PROBLEM DESCRIPTION: Return the data below exactly as given, except for the images.
** GIVEN INFORMATION follows **
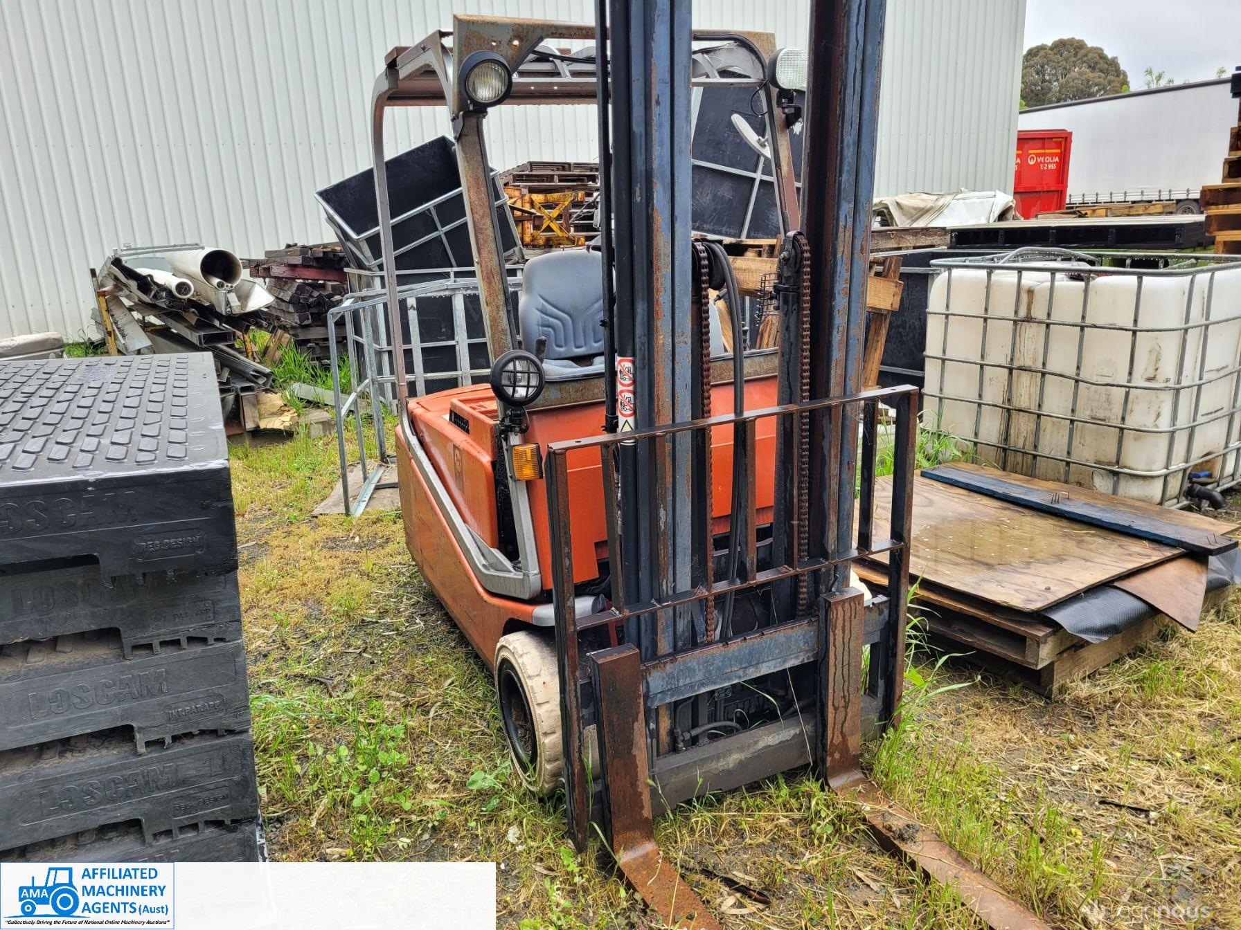 Electric Forklift (needs new batteries), in good working condition. 1.1m extra long Pallet forks. Tower lift 3.7m, Hyd. sideshift. Charger included.
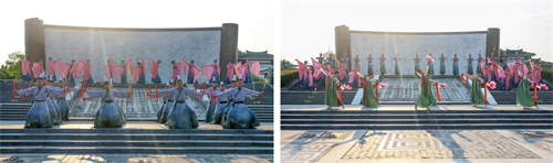 “泗水王劉靖”“婕妃”以諸侯之禮歡迎賓客,儀仗肅立、華蓋蔽日,再現(xiàn)興盛時(shí)期“大漢酒國”的榮耀與威儀。基地員工依諸侯禮節(jié)表演了六佾文舞,彩帶紛飛、古韻十足,展現(xiàn)了“仁義禮智信”的中華正統(tǒng)文化精髓。
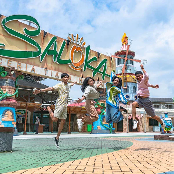 • Tour dilanjutkan ke Saloka Theme Park, disana Anda akan menjumpai berbagai wahana kekinian.
** End of GIVEN INFORMATION **
ANSWER BOX:
 Electric Forklift (needs new batteries), in good working condition. 1.1m extra long Pallet forks. Tower lift 3.7m, Hyd. sideshift. Charger included.
 “泗水王劉靖”“婕妃”以諸侯之禮歡迎賓客,儀仗肅立、華蓋蔽日,再現(xiàn)興盛時(shí)期“大漢酒國”的榮耀與威儀。基地員工依諸侯禮節(jié)表演了六佾文舞,彩帶紛飛、古韻十足,展現(xiàn)了“仁義禮智信”的中華正統(tǒng)文化精髓。
 • Tour dilanjutkan ke Saloka Theme Park, disana Anda akan menjumpai berbagai wahana kekinian.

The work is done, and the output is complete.